Leonardo DiCaprio

Die dunkle Seite

Leonardo DiCaprio über Gier, den Film »The Wolf of Wall Street« und warum wir nichts aus der Geschichte lernen


Der Film zum Interview

Die Gier nach immer mehr Geld ist der Motor von Jordan Belforts Existenz als Finanzmakler. Woher kommt dieses unersättliche Bedürfnis?

In diesem Film geht es um Habgier, aber das ist nicht - wie viele denken - nur ein Phänomen des Kapitalismus und des modernen Amerikas. Habgier ist eine fundamentale Eigenschaft fast aller Lebewesen, mit der sie versuchen das Überleben ihrer Spezies zu sichern. Wir wollten in diesem Film und an der Figur Jordan Belforts analysieren, welche enorm destruktiven Auswirkungen diese Habgier in unserer heutigen Gesellschaft hat.

Wie verändern sich Menschen durch plötzlichen Reichtum?

Bis zu einem gewissen Grad sind wir alle fasziniert von der Macht des Geldes.
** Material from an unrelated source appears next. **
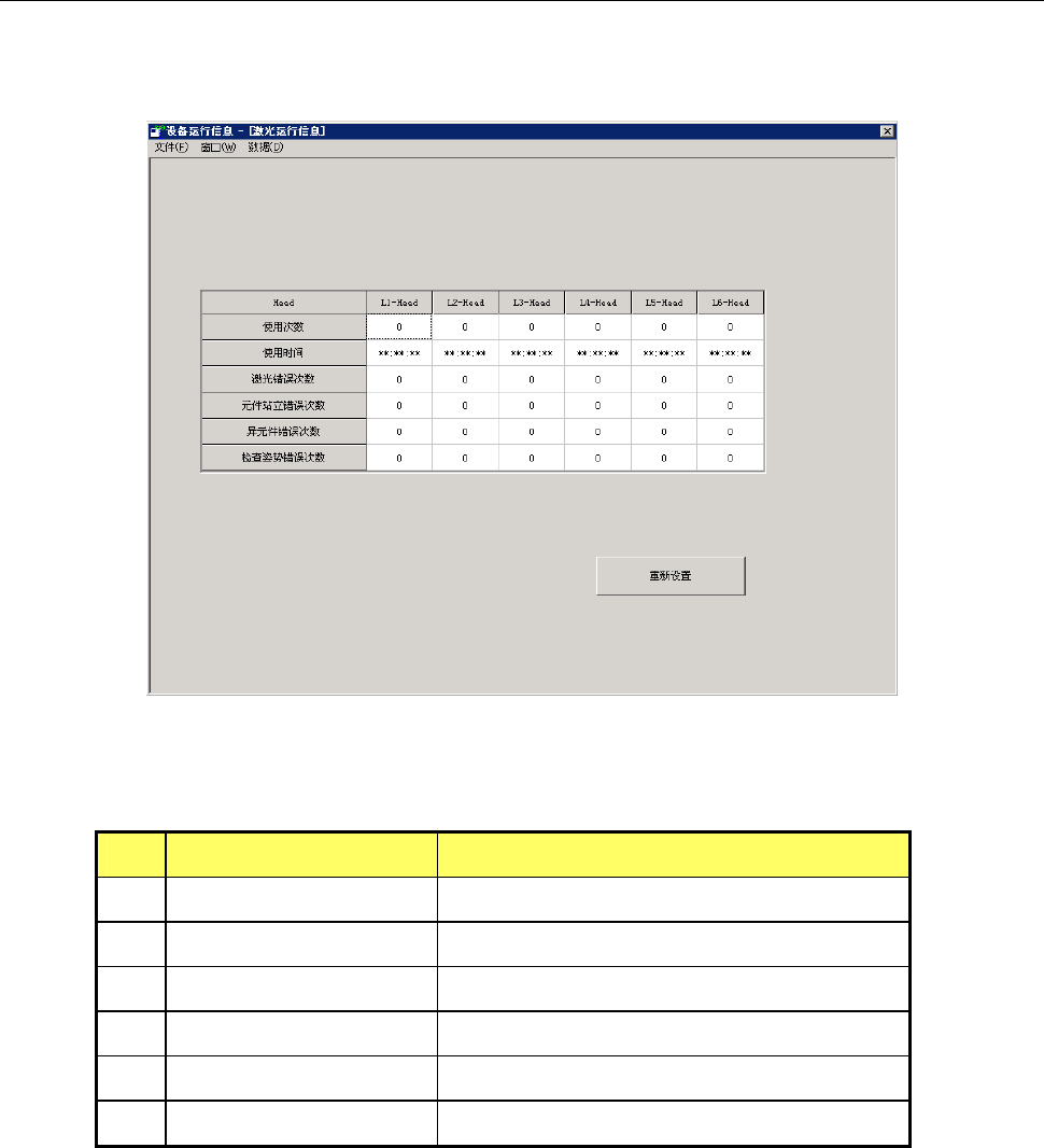 第 2 部 功能详解篇 第 9 章 设备运行信息 9-32 9-4-13 激光运行信息 从下拉菜单中点击 [ 窗口 (W)]-[ 激光运行信息 ] ,或从命令按钮中选择 [ 激 光运行信息 ] 后,可显示激光 运行信息画面。 (1) 激光运行信息 No. 项目 内容 1 使用次数 使用激光的次数累计。 2 使用时间 使用激光的时间累计。 3 激光错误次数 发生激光错误的次数累计。 4 元件站立错误次数 发生芯片站立错误的次数累计。 5 …
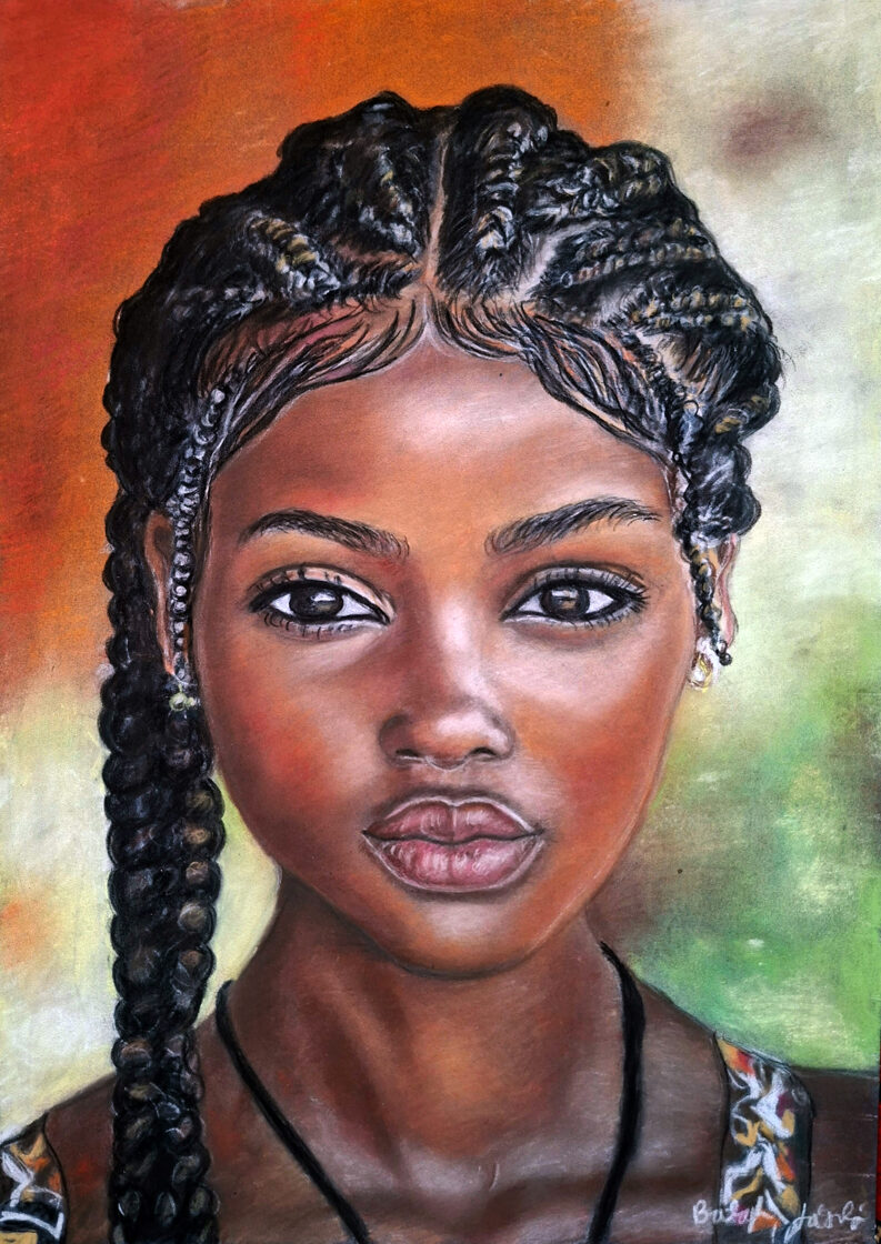 kislányról készült karikatúra rajz A/3 méret szénceruza rajz rendelésre készült -

Ich bin in meinem Leben vielen Menschen begegnet, die vollkommen besessen vom Reichtum sind. Und das hört komischerweise nie auf. Wenn sie einen gewissen Wohlstand erreicht haben, versuchen sie auf das nächste Level zu kommen. Ich persönlich bin der Meinung, dass Menschen, die ein bestimmtes Maß an Reichtum erlangt haben, dazu verpflichtet sind, der Gesellschaft wieder etwas zurückzugeben.

»Wolf of Wall Street« stürzt sich in die hedonistische Welt der Broker, ohne sich davon zu distanzieren. Warum haben Sie sich für diesen direkten Zugang entschieden?

Wir wollten zeigen, dass diese Leute in einer isolierten Umgebung leben, in der es keine moralischen Regeln gibt. Was geschieht mit Menschen, die derart vom Reichtum besessen sind und jeder Versuchung nachgeben? Das Publikum soll selbst in diesen sehr zerstörerischen Bewusstseinszustand hineingezogen werden. Wir wollten keine didaktische Version der Geschichte erzählen und den Zuschauern vorschreiben, was sie zu denken haben. Wir haben bewusst auf innerfilmische Stellungnahmen verzichtet, die auf die moralische Verwerflichkeit der Figuren verweisen. Der Film schwenkt nicht auf die Seite der Opfer, die durch die Geldspekulationen reihenweise in den Ruin getrieben werden. Und Belfort wird am Ende auch nicht angemessen für sein verbrecherisches Handeln bestraft.

Wie gewagt ist diese nicht moralisierende Darstellung unmoralischen Handelns für einen amerikanischen Film?

Das ist natürlich eine Provokation und auch als solche gemeint. Martin Scorsese wollte, dass das Publikum komplett eintaucht in die Gedankenwelt dieser Leute, um die dunklen Seiten unserer menschlichen Existenz besser zu verstehen. Solche Filme sind wichtig. Wir können nicht immer nur Filme machen, in denen der traditionelle Held das Richtige tut und die Schurken gebührend bestraft werden. Das ist nicht die Welt, in der wir leben. Diese Leute haben sich aufgeführt wie römische Herrscher, ohne auch nur einen Moment an die Konsequenzen zu denken, die ihr Handeln für Andere hat. So sind diese Typen. Und das soll man auch auf der Leinwand sehen.

Trotz Wirtschafts- und Bankenkrise hat sich an der Struktur der Finanzmärkte und den politischen Rahmenbedingungen kaum etwas geändert. Hat unsere Gesellschaft nichts aus der Krise gelernt?

Vor Wolf of Wall Street habe ich im letzten Jahr The Great Gatsby gedreht. Die Parallelen zwischen den Ursachen der Weltwirtschaftskrise der dreißiger Jahre, die Fitzgerald damals in seinem Roman vorhergesehen hat, und der heutigen Situation liegen auf der Hand. Aber es scheint so, dass die Söhne nichts aus den Erfahrungen der Väter lernen. Immer wieder entstehen in den Wirtschaftsinstitutionen Schlupflöcher, die eine Brutstätte für Typen wie Jordan Belfort werden. Und keiner von denen muss für sein unverantwortliches Handeln wirklich geradestehen. Im Gegenteil: Sie werden noch mit einem Bonus belohnt.

Klingt ziemlich pessimistisch...

Ehrlich gesagt, finde ich den Zustand unserer Welt beängstigend. Die Kluft zwischen Arm und Reich wird immer größer. Trotz des Crashs von 2008 leben wir weiter über unsere Verhältnisse und halten an der Kultur der Habgier fest - und ich sehe nicht, dass sich daran in näherer Zukunft grundsätzlich etwas ändern wird.